OVERVIEW: The Shiite, Sunni and Kurdish people groups that compose the majority of modern-day Iraq have been in conflict with each other for centuries. In recent years, and especially at the hands of the self-proclaimed Islamic State (ISIS), tens of thousands of Christians have been forced to flee the country, leaving a small but bold and faithful remnant behind. For many of these Iraqi Christians, much of their day-to-day life is focused on survival and decisions about their future. After the 2014 ISIS invasion, Christians from around the region and around the world visited Iraq to bring relief and to encourage those who remained. Many have rejected Islam and become open to Christ for a variety of reasons, including the corruption and violence of both Sunnis (ISIS) and Shiites (Iraq’s new government, backed by Iran). These circumstances provide a unique window of opportunity to share the gospel with Iraqis searching for hope, truth and justice. Violence by ISIS has also led to a revival, as many traditional Christians have come to saving faith and become bold witnesses for Christ.

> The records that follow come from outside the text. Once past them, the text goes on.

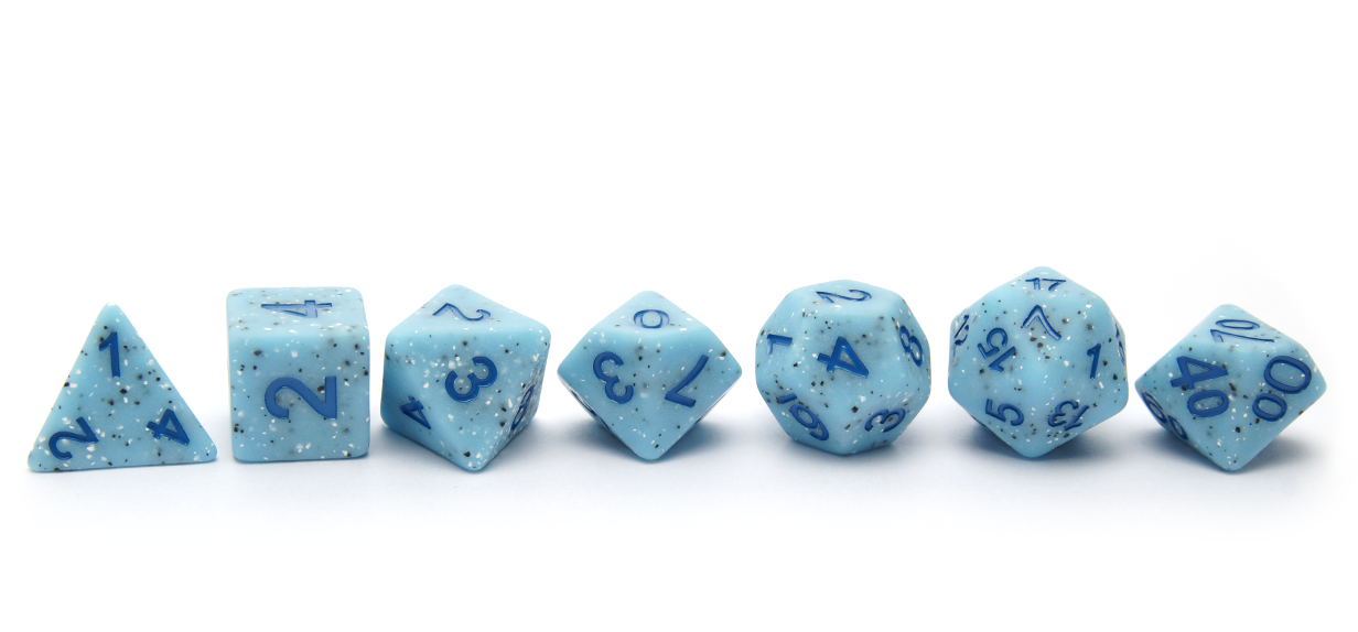 Soft blue speckled dice with a granite-like appearance, with sharp numbers inked in blue.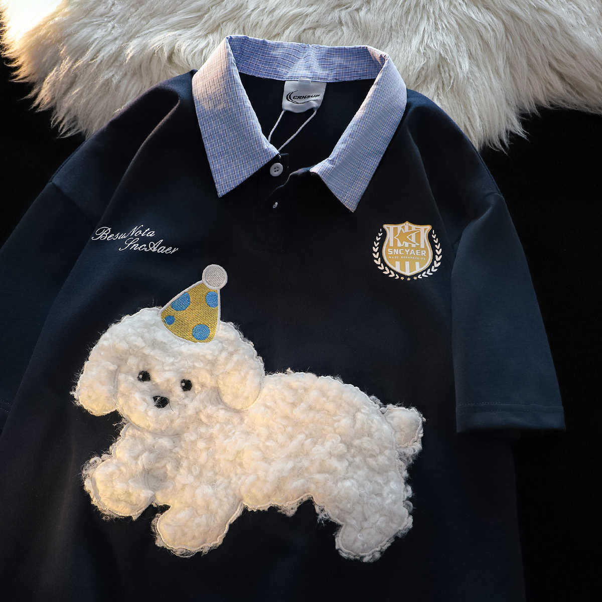 日系可爱小狗刺绣polo领短袖t恤女纯棉夏宽松学院风半袖情侣上衣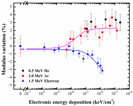 Distribution of modulus against electronic energy deposition in borosilicate glass (the magenta curve is the fitting curve of the modulus variation caused by Ar and He ion irradiation).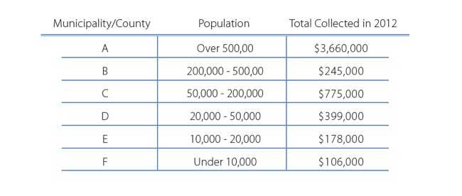 Collection results for individual municipalities and counties vary according to the number of cases and the outstanding balance of each case that is submitted to Aberdeen for recovery. With these variables in mind, the following are examples of collection results based on municipality/county population for 2012: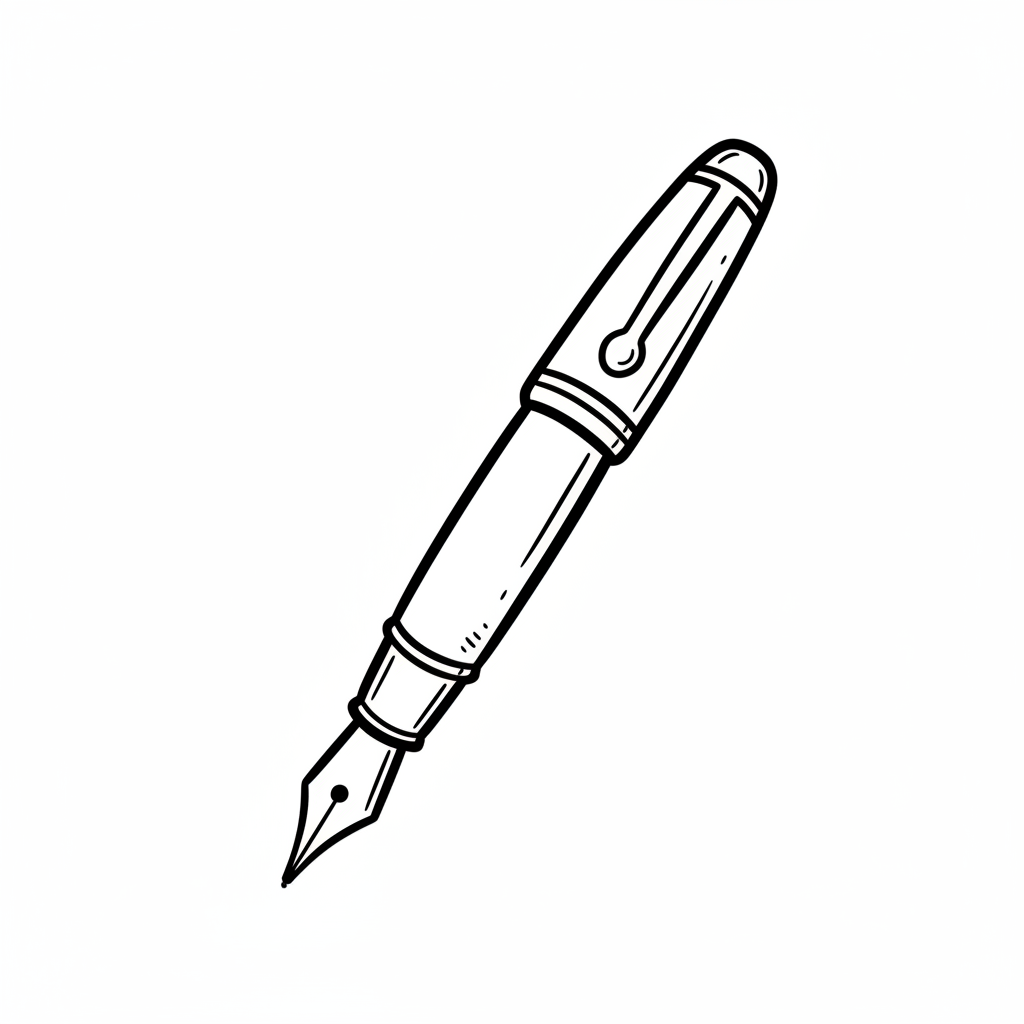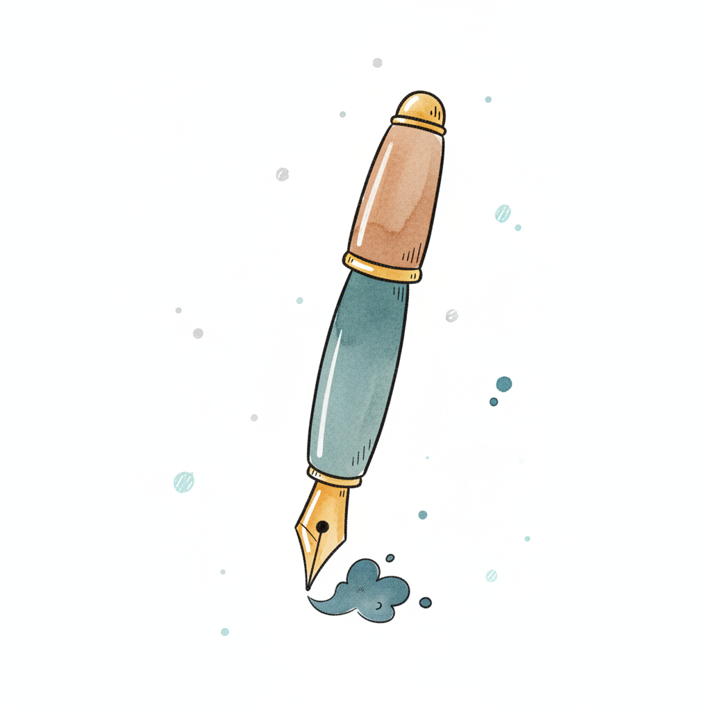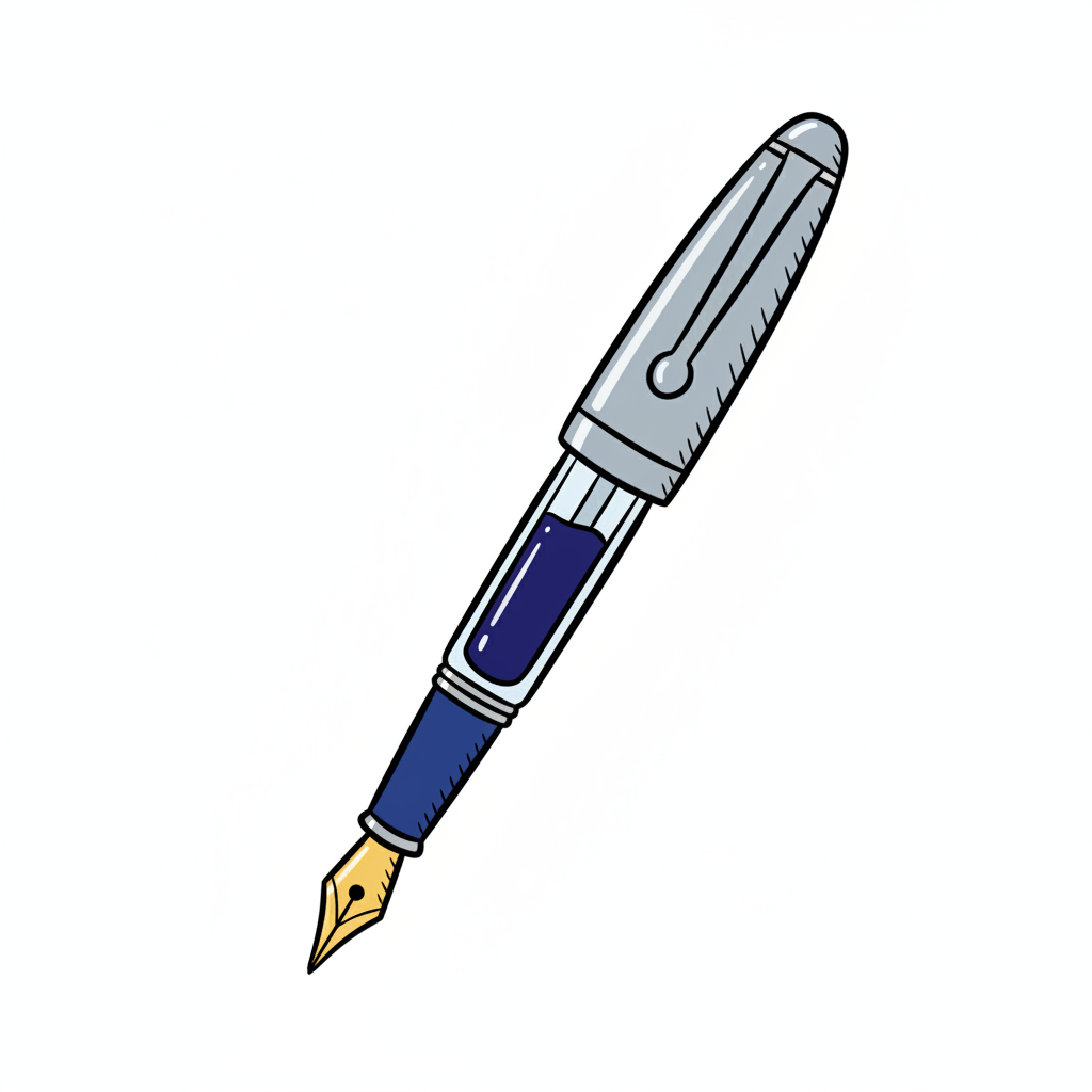 Ein stilisierter Füllfederhalter mit blauer Tinte.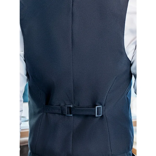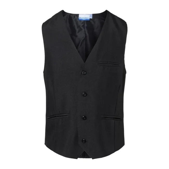 100% poliestere. Gilet uomo basic, taglio ampio e confortevole, pinces sul busto, due tasche laterali, una tasca interna, quattro bottoni.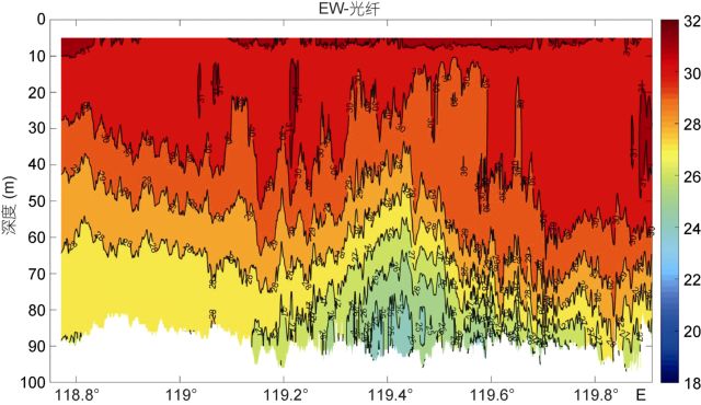 3 v2 p. @2 ^2 E8 Z 海试应用二:本课题于2017年7月在南海北部海域疑似中尺度涡旋附近开展了海试工作。利用光纤温深连续剖面系统,对中尺度涡的温深剖面进行高时空分辨率、高效观测,获取高精细数据结构,助推中尺度涡旋的科学研究。海试所得到的温深剖面如图10、11所示。 ) f0 }$ ~1 R8 \2 u) w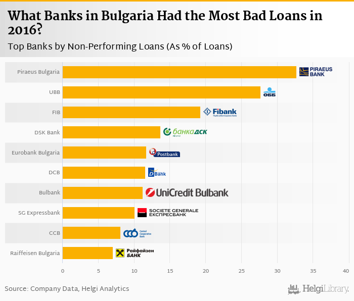 Based on a comparison of 11 banks in Bulgaria in 2016, Piraeus Bank Bulgaria had the highest share of bad loans, followed by United Bulgarian Bank and First Investment Bank.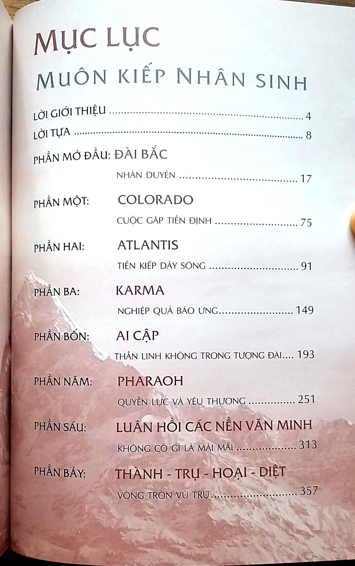 “Muôn kiếp nhân sinh” là một bức tranh lớn với vô vàn mảnh ghép cuộc đời, là một cuốn phim đồ sộ, sống động về những kiếp sống huyền bí, trải dài từ nền văn minh Atlantis hùng mạnh đến vương quốc Ai Cập cổ đại của các Pharaoh quyền uy, đến Hợp Chủng Quốc Hoa Kỳ ngày nay.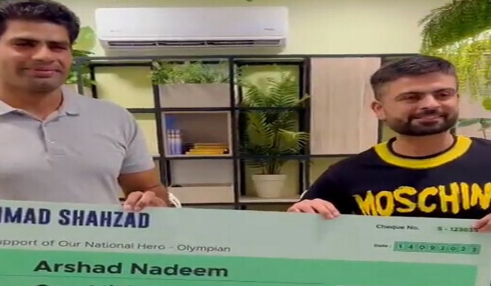 احمدشہزاد نے ارشد ندیم کو دس لاکھ روپے کا چیک پیش کیا، اور کہا کہ ارشد ندیم نے یہ میڈل جیت کر نئی تاریخ رقم کی ہے۔
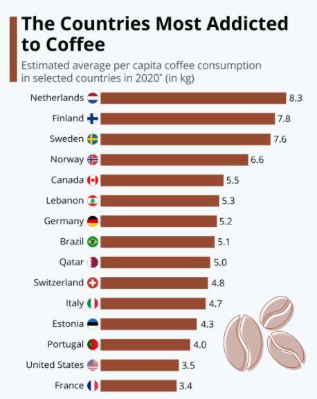 В списке самых активных потребителей кофе лидируют Нидерланды За ними следуют скандинавы: Финляндия, Швеция, Норвегия. Таких образом, скандинавов можно назвать самыми большими поклонниками кофе на планете!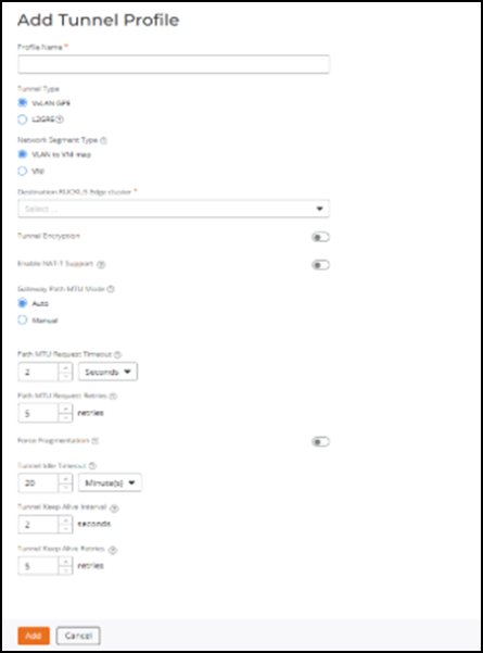 - Destination RUCKUS Edge cluster: Destination Edge cluster name, which is used for AP to cluster or DMZ tunnels. A Tunnel Profile which is intended to be used for an AP to cluster configuration must have an Edge cluster already configured. Select the destination cluster from the drop-down.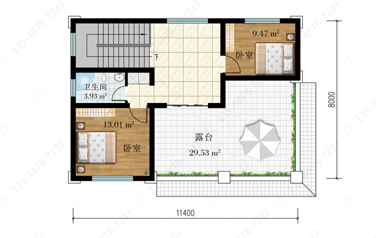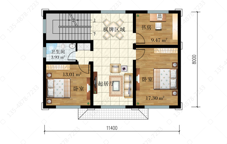 二 层:起居厅、棋牌区域、2卧室、书房、卫生间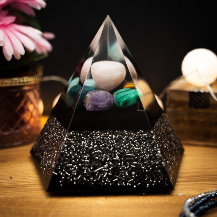 Vsak orgoniti je unikaten in čaroben. Ker delamo nekatere orgonite v večjem številu, so lahko manjša odstopanja v obliki in velikosti kristala.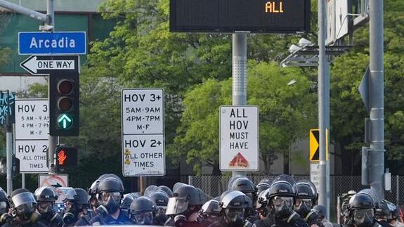 La funcionaria se refería a los choques entre agentes del orden y una multitud que repudió este sábado las redadas de trabajadores migrantes, que ejecutó en Los Ángeles el Servicio de Control de Inmigración y Aduanas (ICE).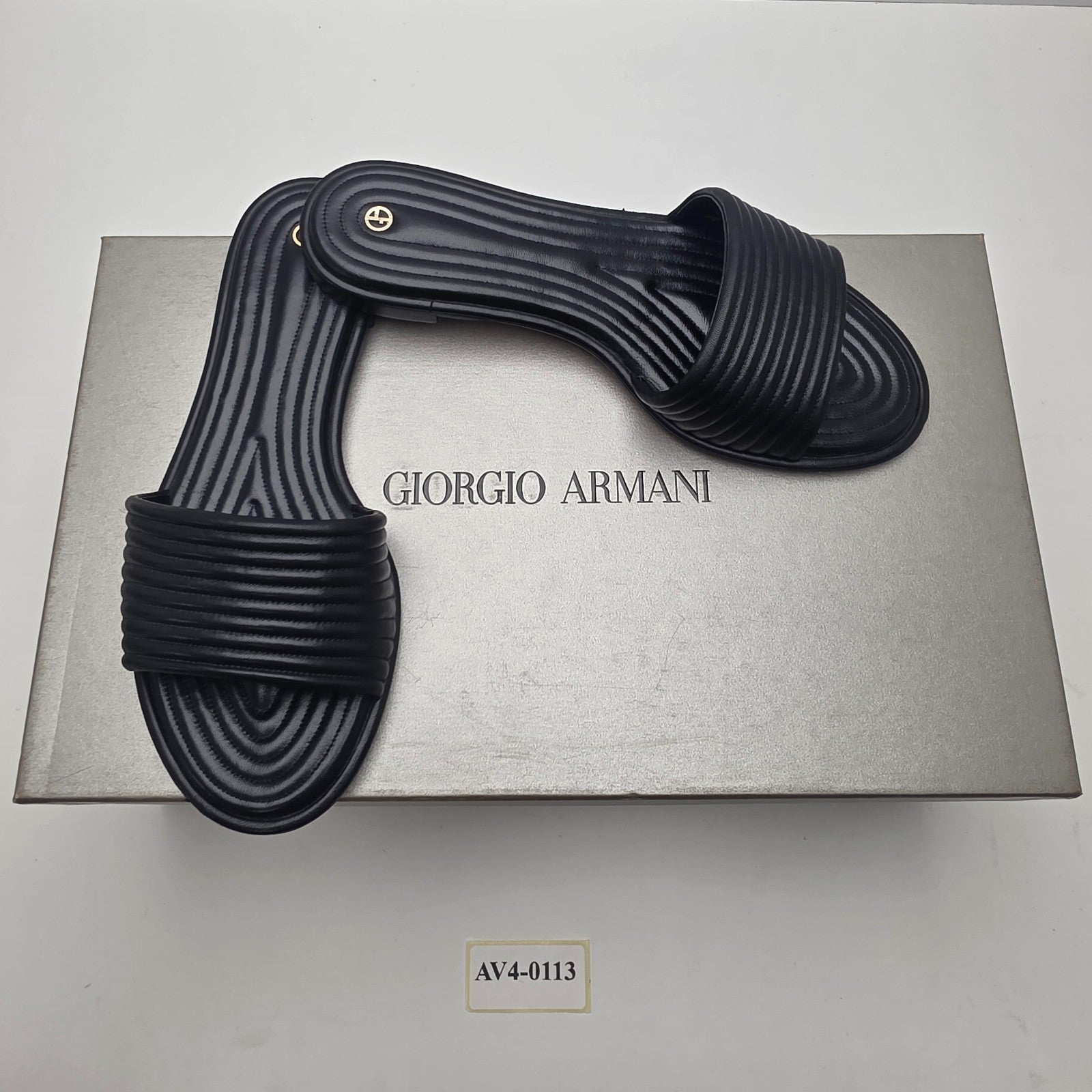 Giorgio Armani Black Embossed Leather Flat Sandals Size 36 Bnwt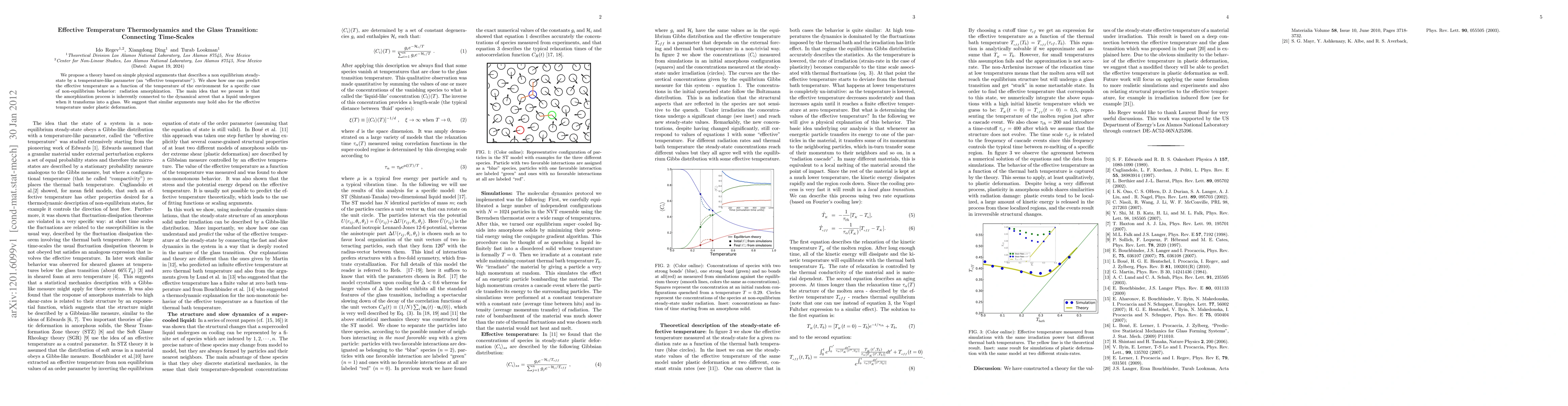 We propose a theory based on simple physical arguments that describes a non equilibrium steady-state by a temperature-like parameter (an "effective temperature"). We show how one can predict the effective temperature as a function of the temperature of the environment for a specific case of non-equilibrium behavior: radiation amorphization. The main idea that we present is that the amorphization process is inherently connected to the dynamical arrest that a liquid undergoes when it transforms into a glass. We suggest that similar arguments may hold also for the effective temperature under plastic deformation.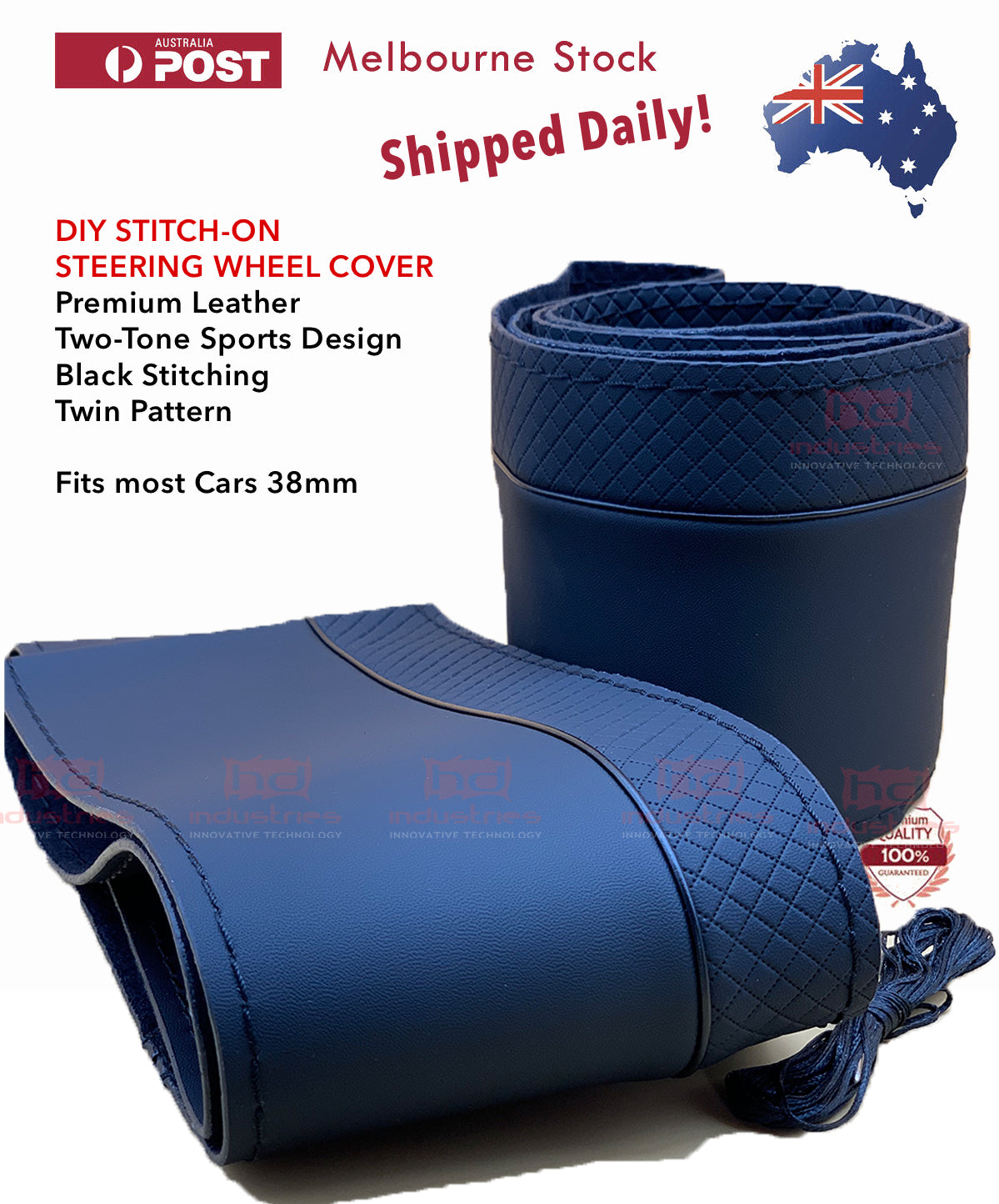 Black Leather Steering Wheel Cover- Stitch-on black thread + Two Tone Pattern DIY

MAJOR RELIGION: Iraq’s population is divided between Shiite and Sunni Muslims. Iraq is home to the second-largest population of Shiite Muslims, after Iran. Iraq’s Christian population has suffered severely at the hands of Islamists, decreasing from more than 1.2 million to less than 300,000 as the country has suffered from continual war and instability since 2003.
PERSECUTOR: Christian converts from Islam are abused and rejected by their families. In addition, they may be killed or persecuted by tribe members, government authorities or extremist groups.
WHAT IT MEANS TO FOLLOW CHRIST IN IRAQ: Northern Iraq is still home to many Christians who have a degree of freedom to worship even though they are under Islamist threat. Christians in other parts of the nation—especially those who are converts from Islam—are under continual threat of violence, including abduction and murder.
ACCESS TO BIBLES: ISIS and other Islamist groups destroyed every copy of God’s Word that they found or captured, but because of the work of Bible societies and missions organizations, including VOM, more Bibles have been distributed since the rise of ISIS than destroyed. Today, the average Christian in Iraq can, with a bit of effort, find a copy of the Bible. Several formats are available, including audio Bibles and children’s Bibles.
VOM WORK: VOM distributes Bibles in several cities, including audio Bibles for the illiterate and Bibles in minority languages. Additionally, we support thousands of displaced Christians through local churches. Bible translation into minority Kurdish dialects is ongoing.